Wednesday, March 20, 2013

LLGFF: Monstrous Passions

Still from Mosquita y Mari
It's often said that teenaged girls experience emotions in such heightened form as to effect complete transformations in their personalities: little angels turn into hormonal monsters. Or so they say.

Well, taking that notion a bit too literally is Bradley Rust Gray, whose Jack and Diane features two would-be lovers who periodically turn into befanged, beclawed monsters and attack each other. Each stage of the couple's relationship features interludes of menacing hairy ectoplash=budding love. Despite this, I found it funny, engaging and offbeat. But, take away the horror element (which is only a clumsily executed metaphor), and it's not nearly so quirky or standout. Still, it certainly beats The Exploding Girl, by the same writer/director, which I found excruciating. Oh, and Kylie Minogue plays a tattooed dyke cougar type who locks lips with the Jack character. Cue "oohs" and "ahs" from the star-struck festival audience.

Not nearly so dramatic, but a bit more dramatically satisfying is Mosquita y Mari, Aurora Guerrero's delightful SoCal Latina growing pains drama in which two girls from opposite sides of the street try to find a middle road for their relationship. Faced with wildly differing expectations of their futures, Yolanda and Mari use their study time to bond, plot their futures and try to work through their growing intimacy, which finds them experiencing emotions they can't quite express to each other. While foregrounding the girls' relationship, Guerrero is also adept at outlining the family pressures that surround them: the struggle of Mari's mother to pay rent and the hopes Yolanda's family are pinning on her academic prowess. A real find.

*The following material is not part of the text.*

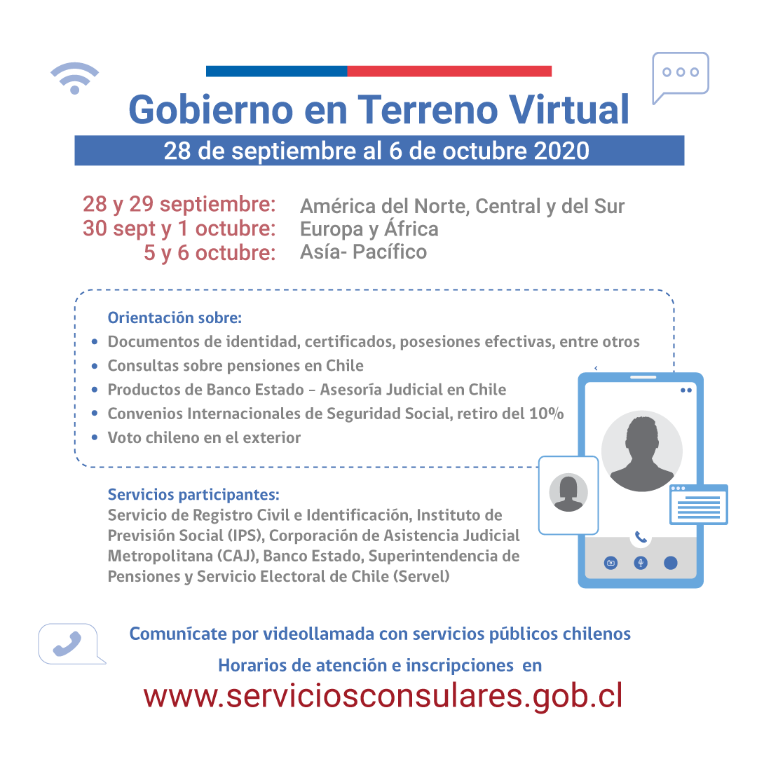 Con la finalidad de acercar los servicios públicos chilenos a los connacionales que residen en otros países, la Dirección para la Comunidad de Chilenos en el Exterior (Dicoex) desarrollará un inédito Gobierno en Terreno Virtual.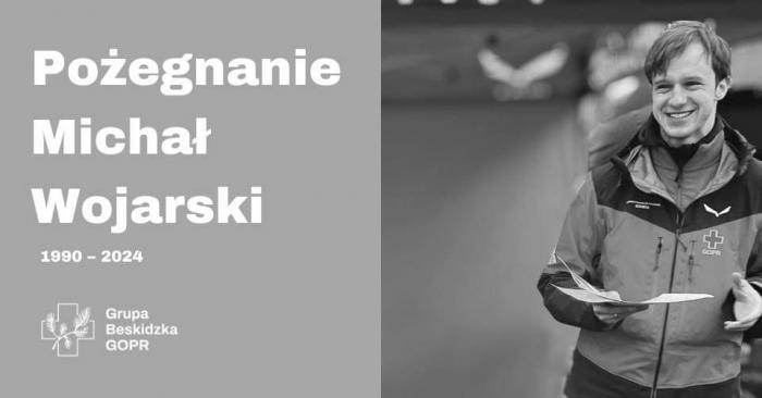 "Z niedowierzaniem i wielkim smutkiem przyjęliśmy wiadomość o tragicznej śmierci naszego Kolegi, ratownika Grupy Beskidzkiej GOPR Michała Wojarskiego, który w sobotę 20 kwietnia zginął w lawinie w Tatrach Wysokich.

Meanwhile back in London, Madrid and Berlin, Andrea Esteban and Paula Alamillo are less concerned with lesbian passions than lesbian definitions in Born Naked, jumping from city to city and chatting to their friends and circles about..... Well, that's where I am slightly lost, because I never figured out what this documentary was about: two 20-something lesbians from Madrid? Or their friends and contemporaries? Or an overview of the queer scene in three European cities? Or was it meant to be a more theoretical consideration of what it means to be queer today?

A bit of back story on the two protagonists would have gone a long way to establishing some identification in my mind. Who are they? Why are they living abroad? What is their connection? It looks great, features loads of people and a plethora of locations, and I spotted several familiar faces, but I really am not sure what the film is meant to say.